For now, I remove all of the datasets without any non-zero production scores.
load("data/ASD_WS.Rdata") # data_clean_AS_WS
load("data/ASD_WG.Rdata") # data_clean_AS_WG
load("data/TD_WS.Rdata") # data_TD_WS
AS_WS_summary <- data_clean_AS_WS %>%
group_by(collection_id, age, sex, dataset_id) %>%
summarise(production = sum(value, na.rm=T)) %>%
group_by(collection_id) %>%
summarise(min_age = min(age),
max_age = max(age),
mean_age = mean(age),
n = n(),
mean_prod = mean(production)) %>%
arrange(desc(n))
## `summarise()` has grouped output by 'collection_id', 'age', 'sex'. You can
## override using the `.groups` argument.
AS_WS_summary %>%
kable(format = "html", table.attr = "style='width:50%;'", digits=1)

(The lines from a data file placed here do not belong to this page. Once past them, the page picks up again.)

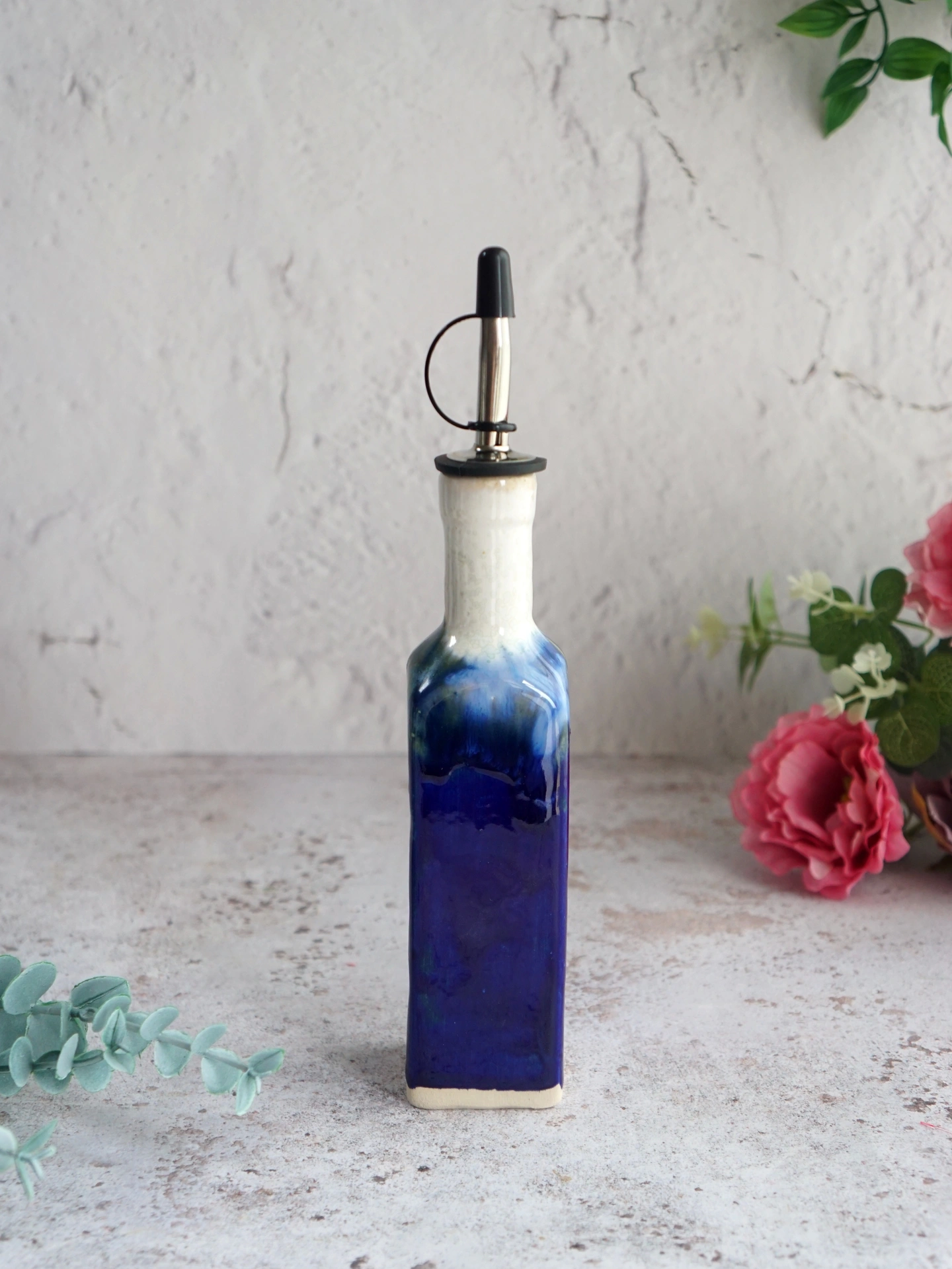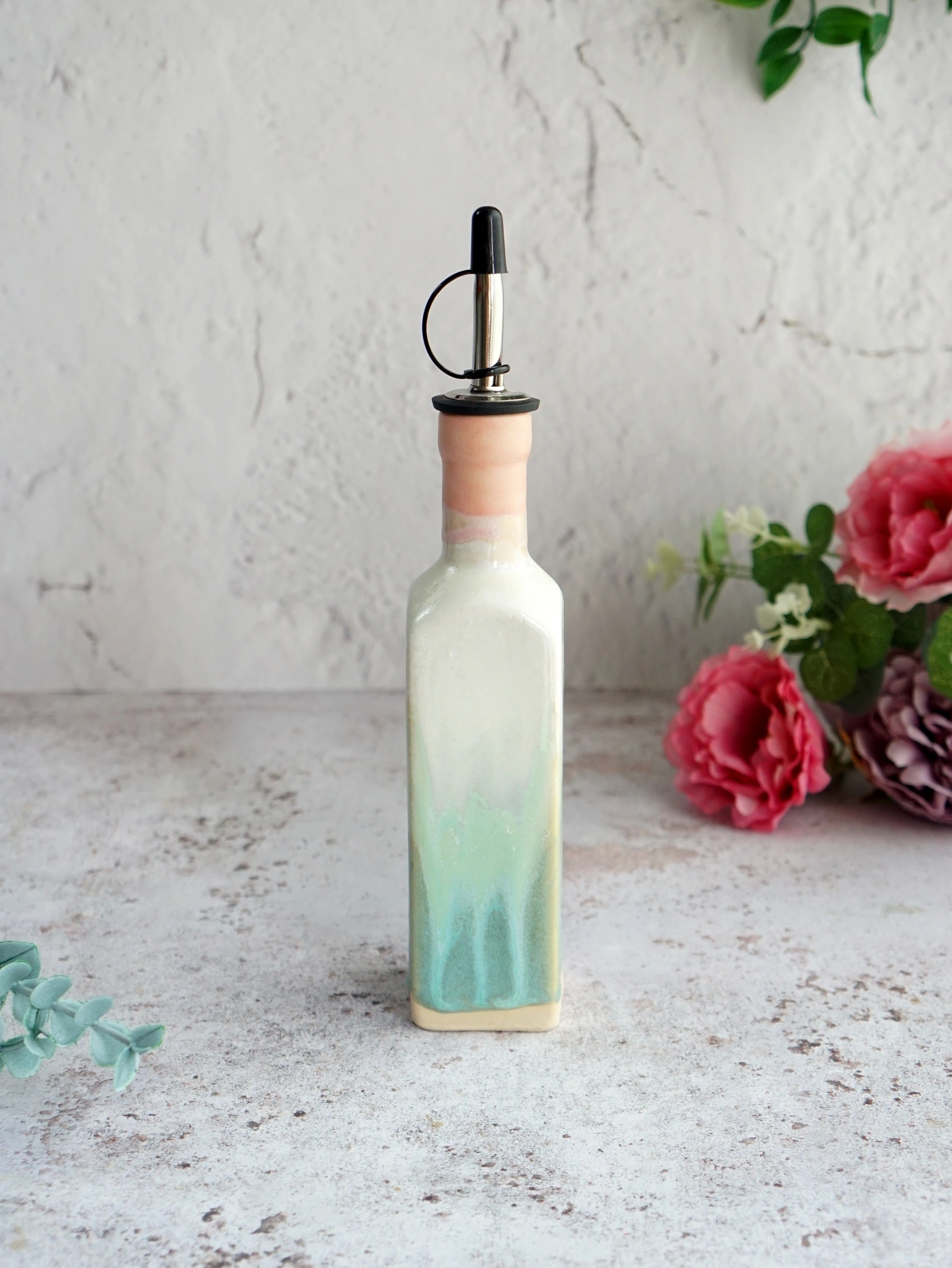 A Ceramic Oil / vinegar Pourer Bottle handcrafted from white stoneware clay and finished in a variety of vibrant colourful glazes...
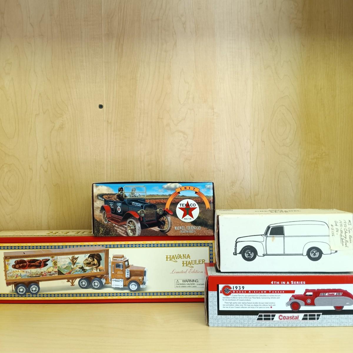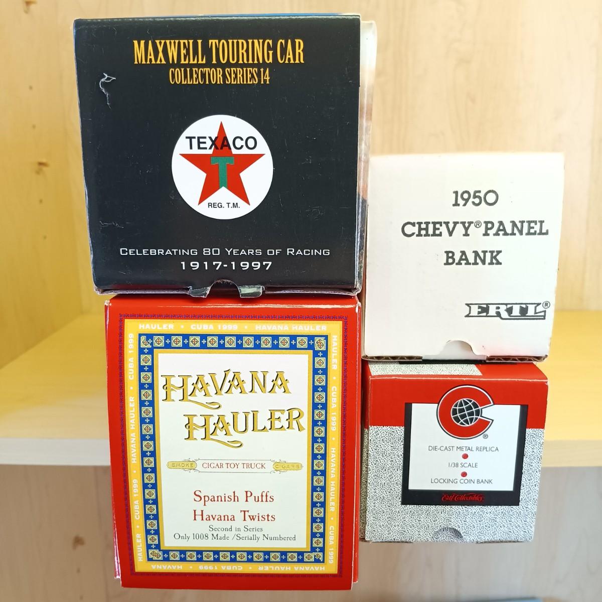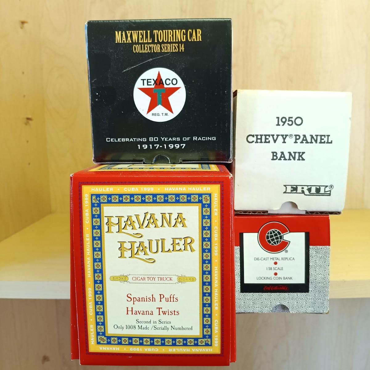 LOT 39: Limited Edition Havana Hauler (Only 1,008 Made), Ertl Jim Beam 1950 Chevy Panel Bank, Texaco 1917 Maxwell Touring Car & More
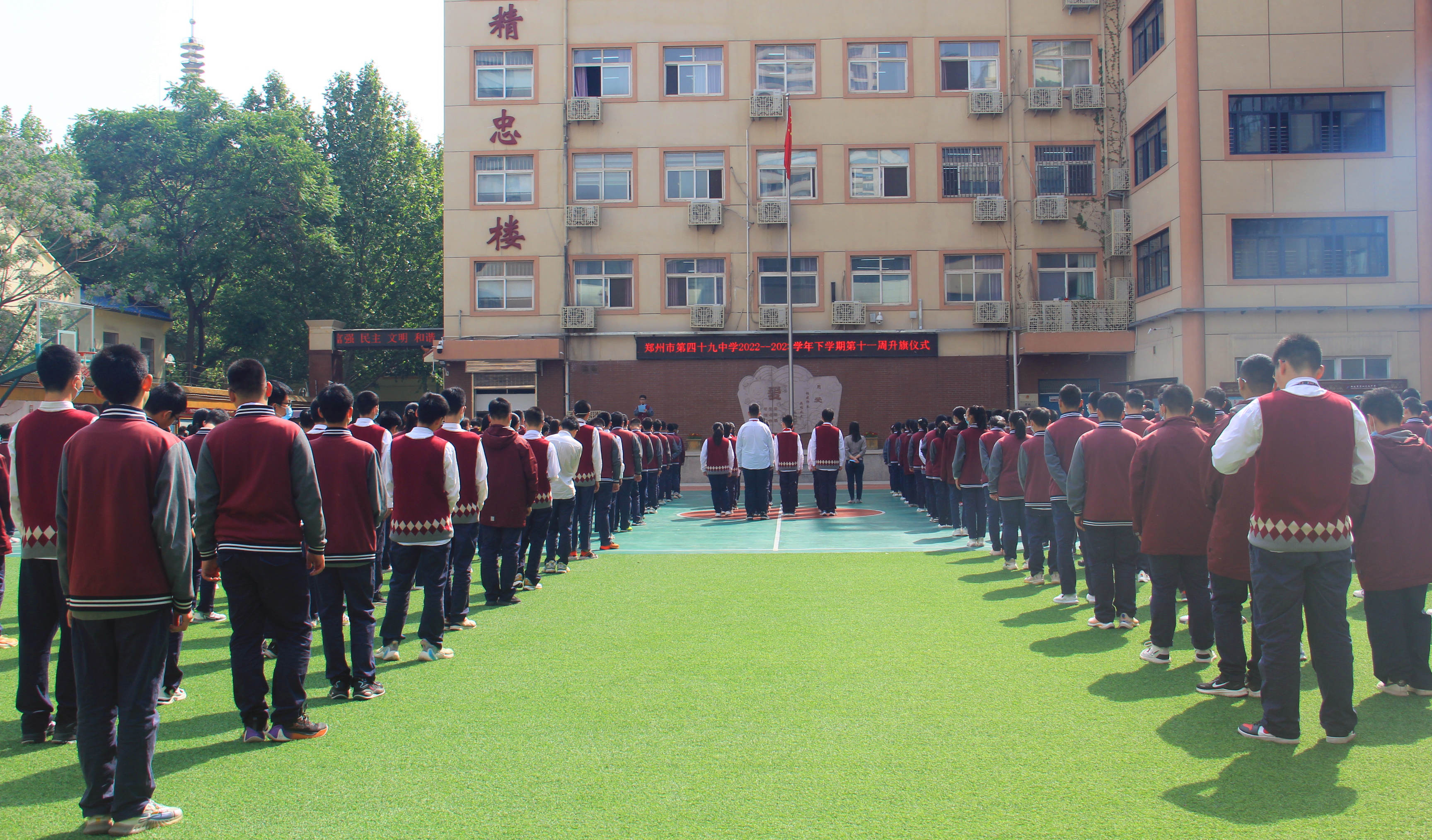郑州49中举行室外升旗仪式

collection_id | min_age | max_age | mean_age | n | mean_prod |
---|---|---|---|---|---|
2024 | 12 | 39 | 23.6 | 285 | 2521.9 |
2368 | 17 | 122 | 60.5 | 120 | 924.4 |
9 | 1 | 48 | 31.1 | 64 | 0.0 |
2666 | 17 | 34 | 24.8 | 60 | 0.0 |
2664 | 19 | 64 | 36.5 | 54 | 500.2 |
1856 | 23 | 47 | 31.1 | 25 | 282.4 |
2026 | 23 | 60 | 31.8 | 17 | 2542.6 |
2355 | 17 | 26 | 21.3 | 15 | 0.0 |
AS_WG_summary <- data_clean_AS_WG %>%
group_by(collection_id, age, sex, dataset_id) %>%
summarise(production = sum(value, na.rm=T)) %>%
group_by(collection_id) %>%
summarise(min_age = min(age),
max_age = max(age),
mean_age = mean(age),
n = n(),
mean_prod = mean(production)) %>%
arrange(desc(n))
## `summarise()` has grouped output by 'collection_id', 'age', 'sex'. You can
## override using the `.groups` argument.
AS_WG_summary %>%
kable(format = "html", table.attr = "style='width:50%;'", digits=1)
collection_id | min_age | max_age | mean_age | n | mean_prod |
---|---|---|---|---|---|
2024 | 7 | 20 | 13.2 | 193 | 505.8 |
2368 | 13 | 132 | 61.5 | 123 | 436.8 |
1885 | 8 | 63 | 35.6 | 120 | 0.0 |
2026 | 7 | 21 | 14.2 | 83 | 0.0 |
1600 | 0 | 45 | 19.9 | 74 | 0.0 |
9 | 3 | 48 | 26.7 | 70 | 0.0 |
19 | 11 | 38 | 22.0 | 67 | 3188.0 |
16 | 15 | 30 | 23.4 | 56 | 0.0 |
8 | 11 | 48 | 27.2 | 50 | 0.0 |
2192 | 60 | 173 | 81.1 | 30 | 131.0 |
2355 | 11 | 20 | 14.0 | 23 | 21.1 |
2666 | 12 | 22 | 16.8 | 19 | 0.0 |
2878 | 8 | 19 | 12.7 | 19 | 101.6 |
2510 | 59 | 101 | 76.1 | 18 | 171.2 |
1952 | 49 | 85 | 68.1 | 16 | 0.0 |
6 | 10 | 18 | 14.1 | 15 | 0.0 |
2503 | 27 | 53 | 36.9 | 14 | 0.0 |
2027 | 12 | 29 | 21.8 | 13 | 964.8 |
2089 | 17 | 22 | 19.5 | 12 | 0.0 |
2169 | 74 | 124 | 106.3 | 3 | 0.0 |
Remove all datasets with all 0 production.
zero_prod_WG <- filter(AS_WG_summary, mean_prod < 1) %>% pull(collection_id)
zero_prod_WS <- filter(AS_WS_summary, mean_prod < 1) %>% pull(collection_id)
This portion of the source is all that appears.